The first St. Charles Hotel designed by James Gallier 1835 and completed in 1837 was a similar Corinthian design but with a dome. It was destroyed by fire in 1851.The third "New St. Charles" was demolished in 1974. Old New Orleans
Related:
Public Ledger, June 17, 1882
The Daily Picayune (New Orleans, LA), June 8, 1882, 1
During his stay in New Orleans, Wilde accepted several invitations from commercial clubs and polite society. But he also took time out to call upon Mary Ashley Townsend ("Xariffa"), a critically acclaimed poet of the South. Wilde visited her at her residence and spoke in praise of her work and charming hospitality.

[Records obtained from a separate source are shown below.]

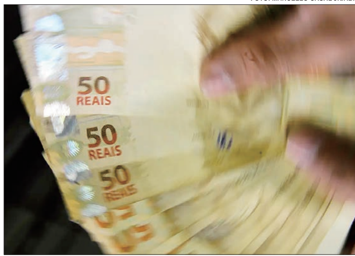
Previsão para 2026 é que o salário mínimo seja de R$ 1.582; e R$ 1.676 para 2027

O valor do mínimo tinha sido confirmado mais cedo pelo ministro da Fazenda, Fernando Haddad, em entrevista à emissora de televisão GloboNews. No entanto,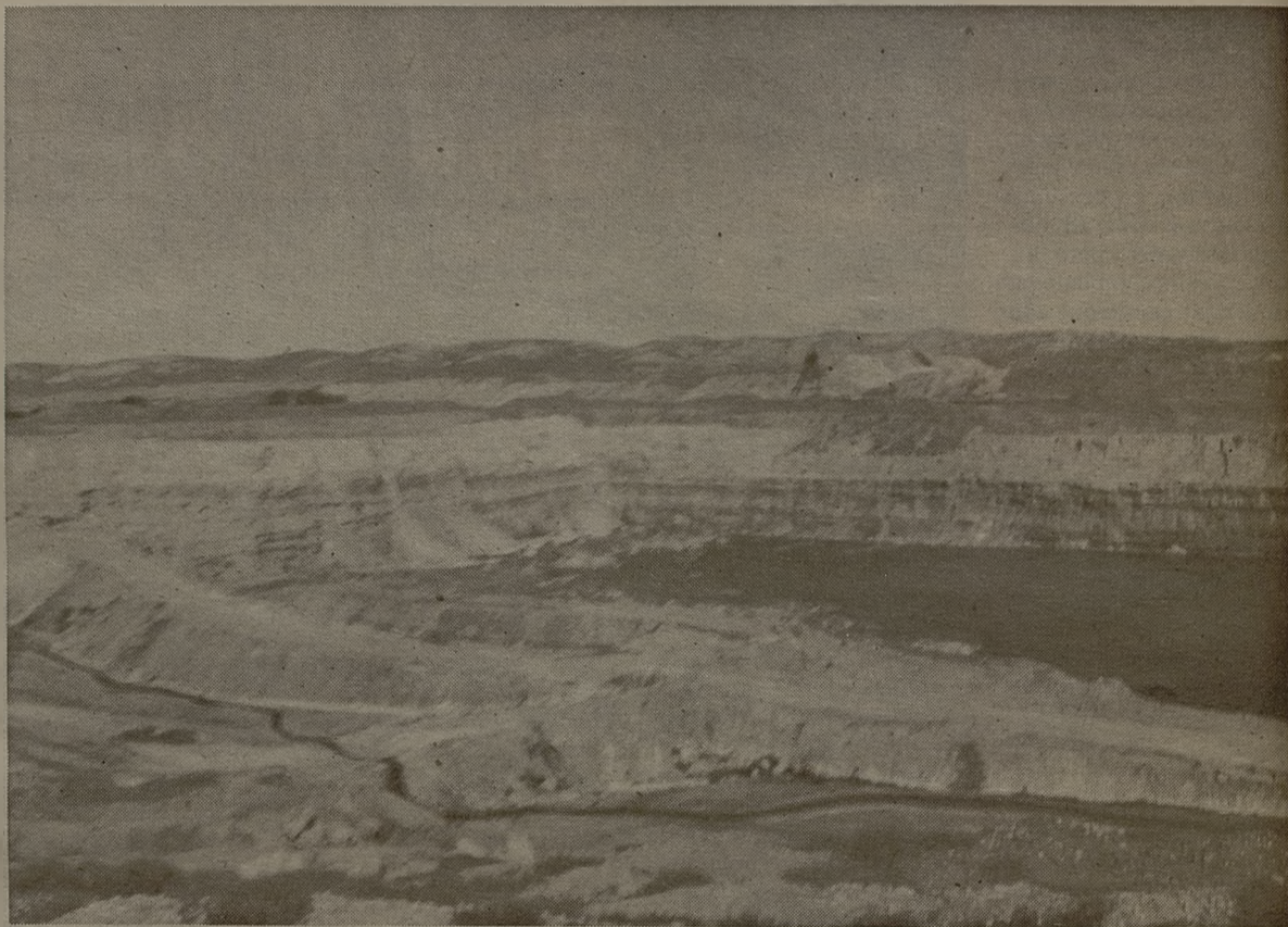
La industria de Puertollano tiene su base en las minas de carbón, algunas de las cuales continúan hoy en funcionamiento.

El carbón es un elemento fundamental para el futuro de la ciudad, pues, junto a los ingresos que suponen los yacimientos, ha permitido la instalación de la central térmica de ENECO, hasta abril de 1994 Sevillana de Electricidad, que da empleo a 146 personas y produce energía eléctrica de 220 megawatts para la Red Nacional. Asimismo, se halla en fase de construcción la central térmica de gasificación integrada en ciclo combinado ELCOGAS, la primera del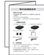
Kullanıcı kılavuzu * 1 adet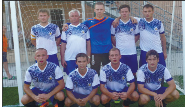
Сборная команда Атомпрофсоюза по мини-футболу — бронзовый призер спартакиады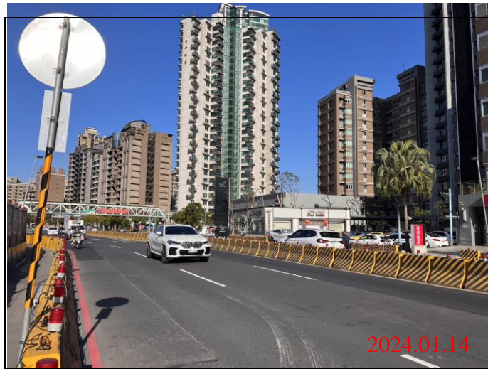
巡查日期地點：113.01.14/ Y23車站 照片說明：路面狀況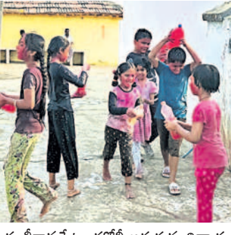
గంభీరాపురం : హోలీ ఆడుతున్న చిన్నారులు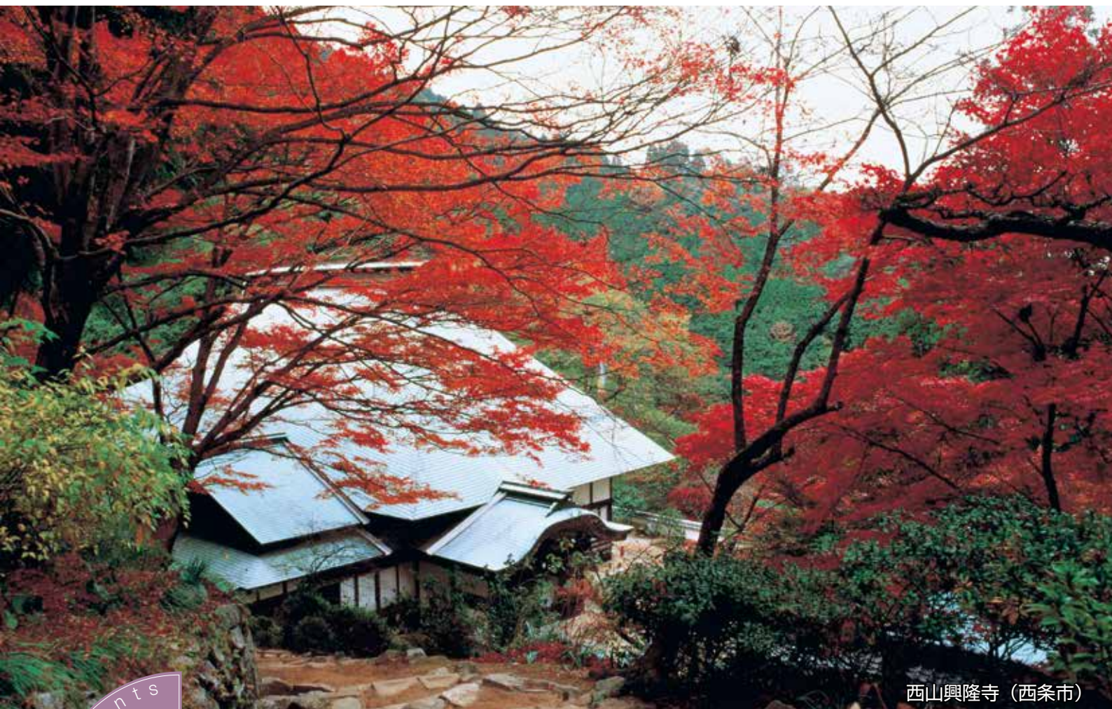
西山興隆寺（西条市）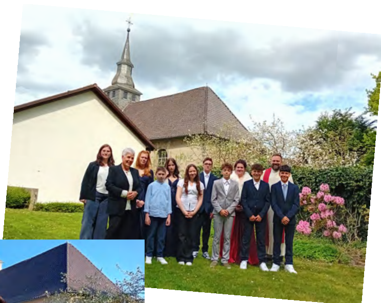
Konfirmation I, Jüchen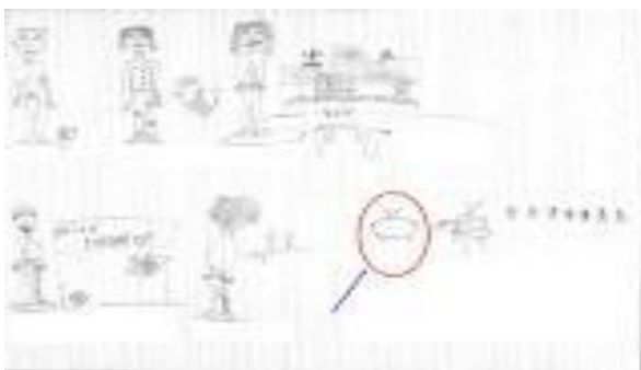
Niño de 12 años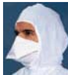
KIMTECH PURE* M3 袋状面罩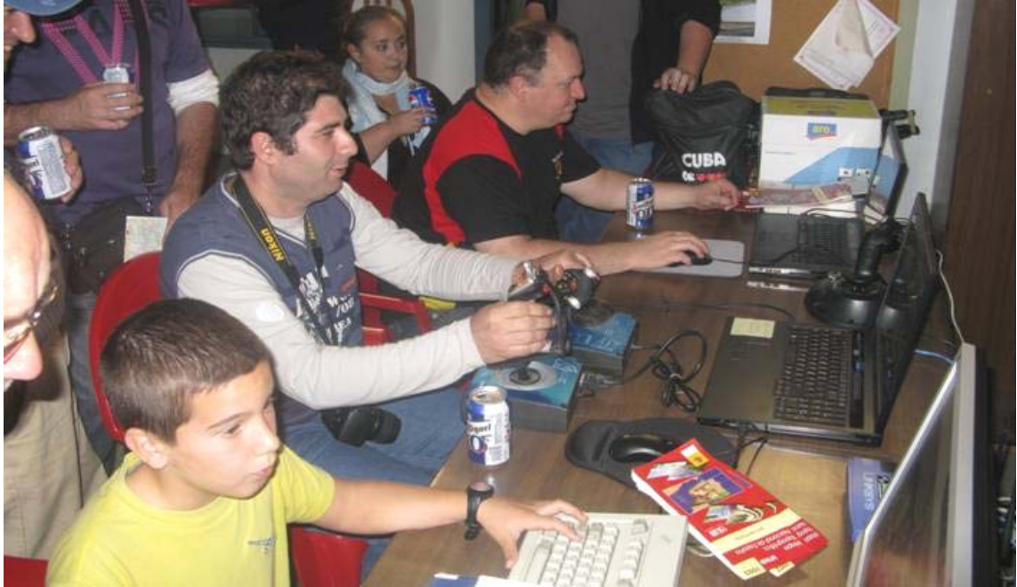
Jornadas de puertas abiertas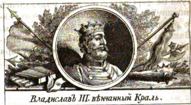
Владиславъ III. вѣнчанный Краль.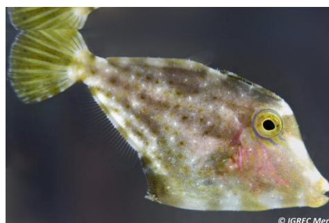
Figure 1 : Cantherines sp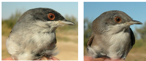
Curruca cabecinegra. Otoño. 1º año. Diseño del pecho: izquierda macho (15-IX); derecha hembra (20-IX).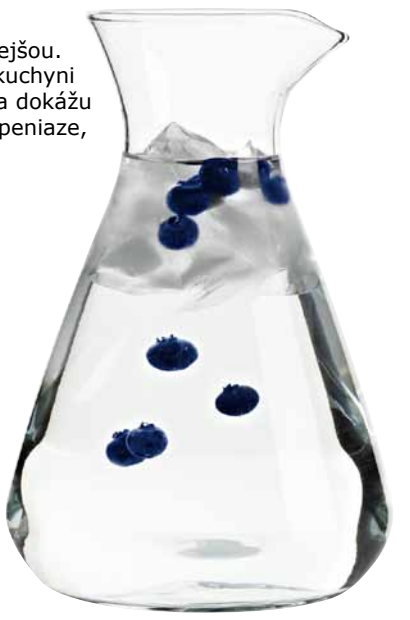
LEENDE, karafa. €4,49

Ak necháte vodu z vodovodu postáť v džbáne 10 – 15 minút, väčšina chlóru vyprchá a vy si budete môcť vychutnať jej lahodnú chuť.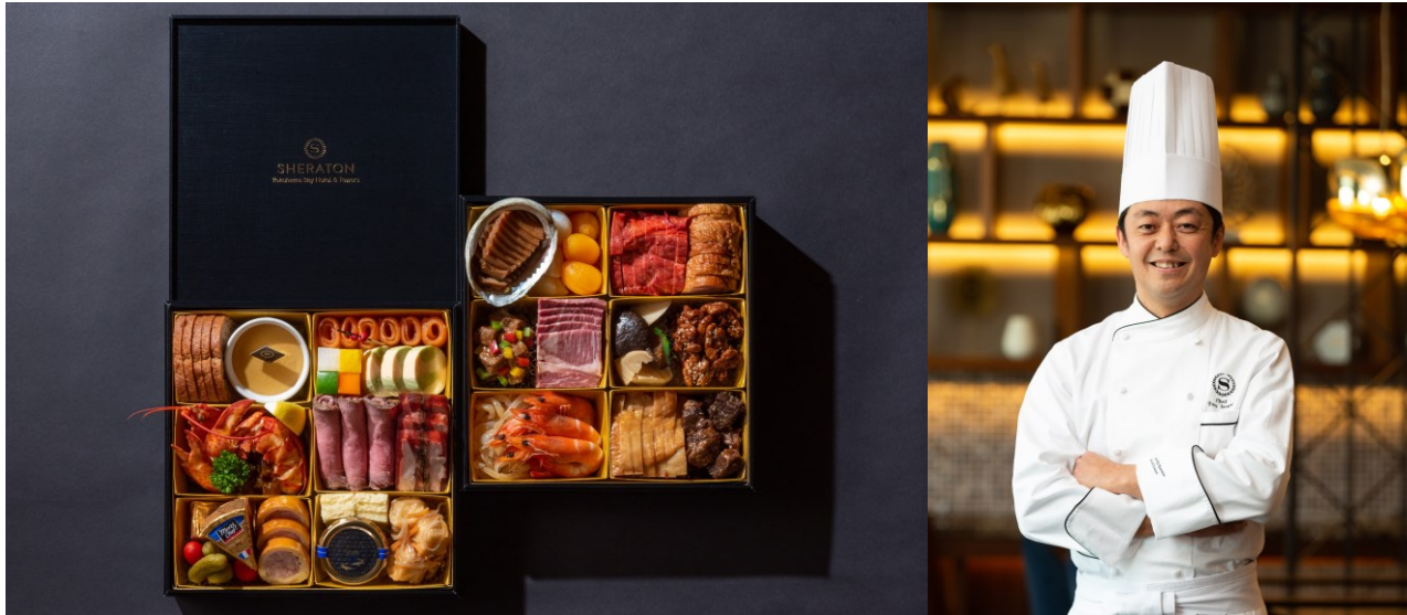
洋・中おせち二段重

更に、横浜ベイシェラトン ホテル&タワーズではSDGsへの取り組みにも力を入れており、紙製重箱を起用、“プラスチックフリー”を推進し、お客様とともに人と環境にやさしいホテルを目指してまいります。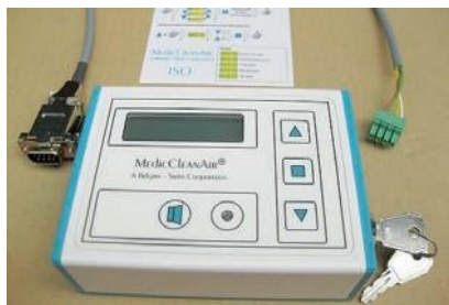
Пульт дист. управления с ключом и функцией постоянного мониторинга разницы давлений, кабелем со штепселями, краткое рук-во по эксплуатации для персонала клиник (старшие медсестры, техотдел и т.д.)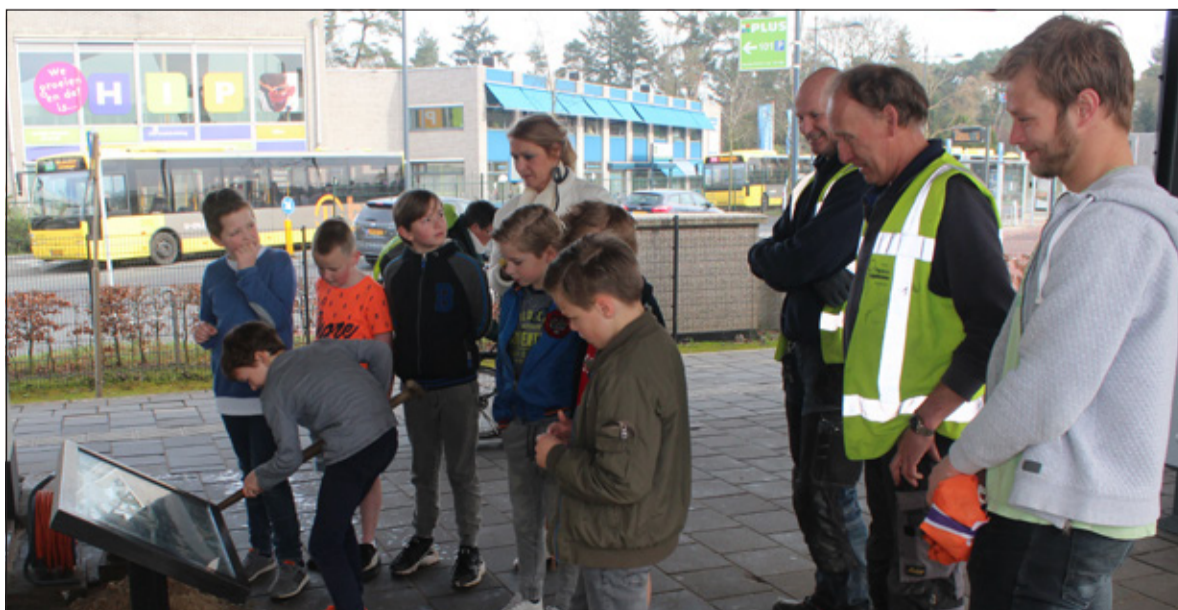
Met man en macht wordt aan het opgraven van de herdenkingsplaat gewerkt.

Op steeds meer stations (ook in Bilthoven) zijn toegangspoortjes in gebruik genomen. Zo vergroot men volgens NS de veiligheid op een station en in de trein en vermindert (ook weer volgens NS) het aantal zwartrijders. De toegankelijkheid tot de stations wordt daardoor steeds meer 'functioneel', d.w.z. afgestemd op het reizen. Dit was de reden, dat voor de herdenkingsplaat opnieuw een andere plaats gevonden diende te worden. De voorkeur ging uit naar een meer algemeen openbare ruimte. Vrijdag 13 april waren leerlingen van groep 4b van de Julianaschool actief bij de verplaatsing betrokken.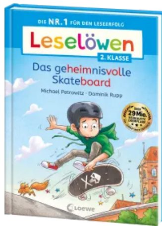
Leselöwen 2. Klasse - Das geheimnisvolle Skateboard Hardcover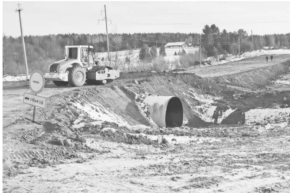
На первом этапе проложили водопропускные трубы, оканавили земляное полотно будущей трассы, создали запас строительных материалов.

В 2019 году администрация сельского поселения объявила торги на разработку проектно-сметной документации «Реконструкция автодороги общего пользования местного значения д. Шаламы – д. Соколова – д. Сапегина». После разработки и утверждения проекта начались строительные работы. Как рассказали в администрации поселения, строительство будет вестись в три этапа. Окончание намечено на 2024 год. Общая протяжённость реконструируемых участков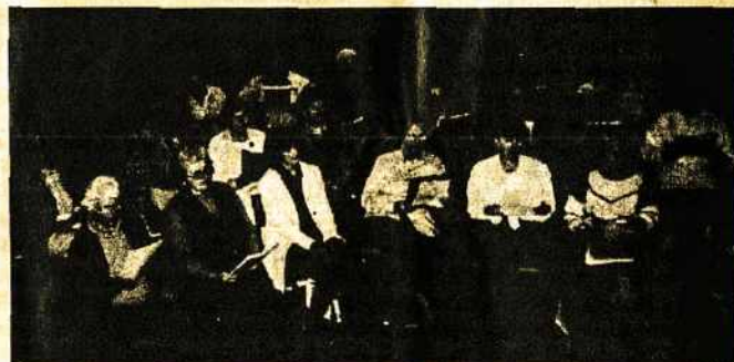
XX-ajai ALD šventei ruošiantis Adelaidės “Lituania” choro repeticija. Adelaide 1998 rugp. mėn.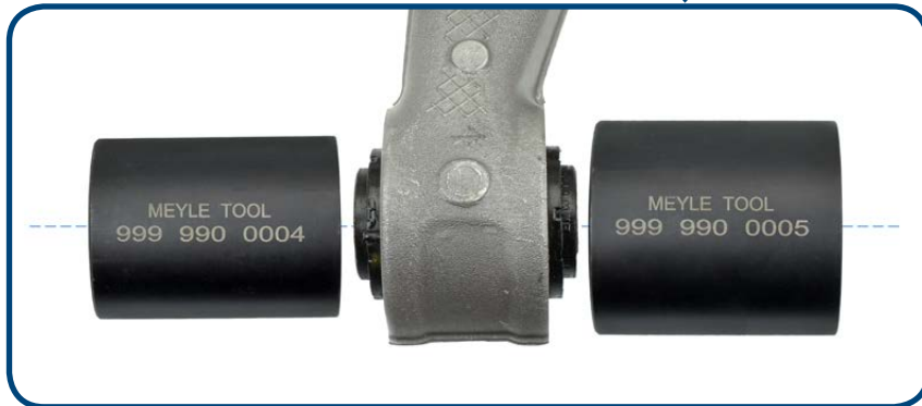
MEYLE no. 314 710 0032/HD Short no. MCB0514HD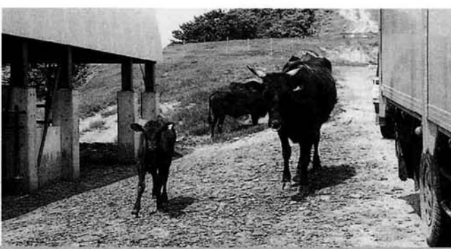
お母さんといっしょに思い切り遊びます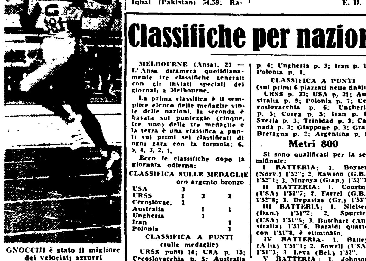
GNOCCHI è stato il migliore dei velocisti azzurri

MELBOURNE, 24 ore 12 (ore 3 italiane). — Il tempo sembra essersi voltato al meglio per la seconda giornata di gare olimpiche, ma come ogni medaglia anche il tempo ha il suo rovescio. La temperatura infatti è immediatamente salita di parecchi gradi, raggiungendo sin dai mattino i punti di parecchi gradi superiori alla temperatura media registrata ieri.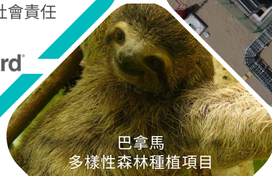
巴拿馬 多樣性森林種植項目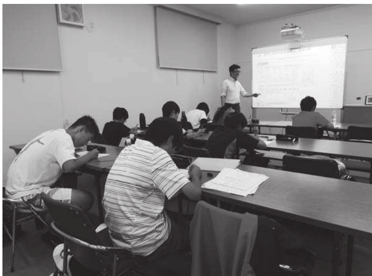
電子黒板を使用した授業風景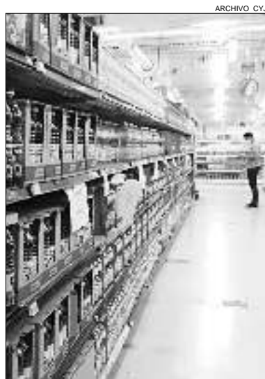
DESABASTECIMIENTO. El Gobierno nacional imputó ayer a 11 empresas de consumo masivo.

Se trata de Mastellone, Fargo, AGD, Danone, Molinos Cañuelas, Bunge, Molinos Río de la Plata, Unilever, P&G, Paladini y Potigian, que tendrán un plazo de cinco días hábiles para retomar la producción y comercialización en los niveles de capacidad máxima, so pena de enfrentar sanciones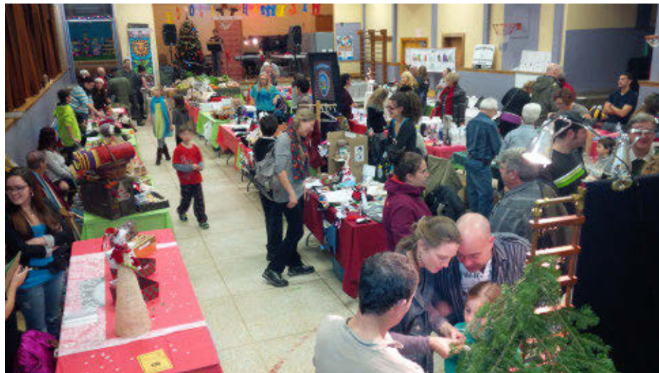
Une trentaine d'artisans seront installés dans le gymnase de l'école primaire Hamelin à Wotton.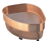
①ピュリティー 純銅 メッシュ 三角コーナー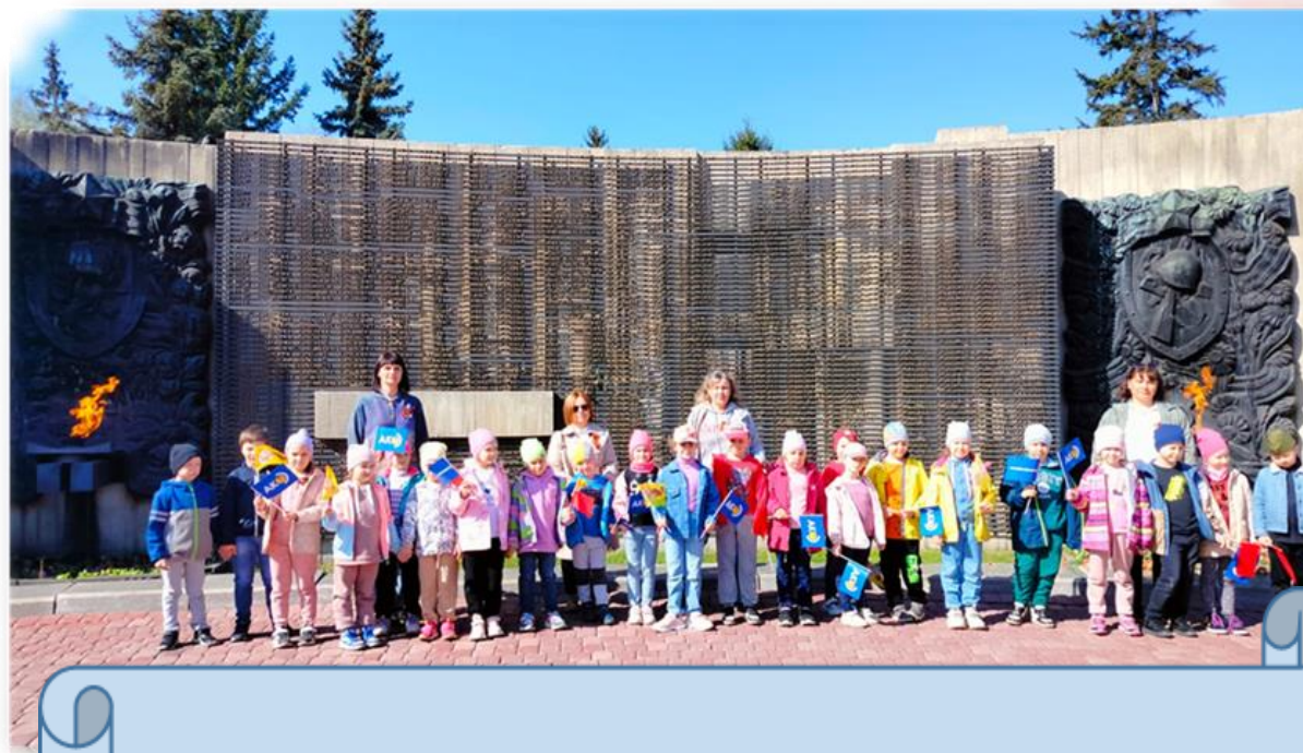
Экскурсия к Мемориалу Славы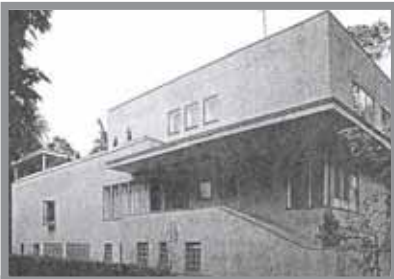
Imagen n.º 6: Casa Kurt-Lewin, 1930. Peter Behrens.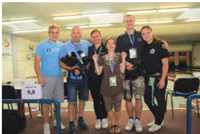
Ekipe Spletne TV

Evropsko prvenstvo gluhih v kegljanju je prineslo tudi nov mejnik v zgodovini Spletne TV, ki je bila medijski pokrovitelj prvenstva. Spletna TV je vsak dan neposredno prenašala tekmovanja s kegljišča v Celju in v enem samem dnevu, v torek, 24. junija, ko je potekalo ekipno tekmovanje, zabeležila 2383 obiskov spletne strani.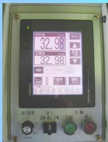
操作パネルデジタル表示1/100

Below is an example of her New Orleans metaphor.
Down the Bayou
The cypress swamp around me wraps its spell,
With hushing sounds in moss-hung branches there,
Like congregations rustling down to prayer,
While Solitude, like some unsounded bell,
Hangs full of secrets that it cannot tell,
And leafy litanies on the humid air
Intone themselves, and on the tree-trunks bare
The scarlet lichen writes her rubrics well.
The cypress-knees take on them marvellous shapes
Of pygmy nuns, gnomes, goblins, witches, fays,
The vigorous vine the withered gum-tree drapes,
Across the oozy ground the rabbit plays,
The moccasin to jungle depths escapes,
And through the gloom the wild deer shyly gaze.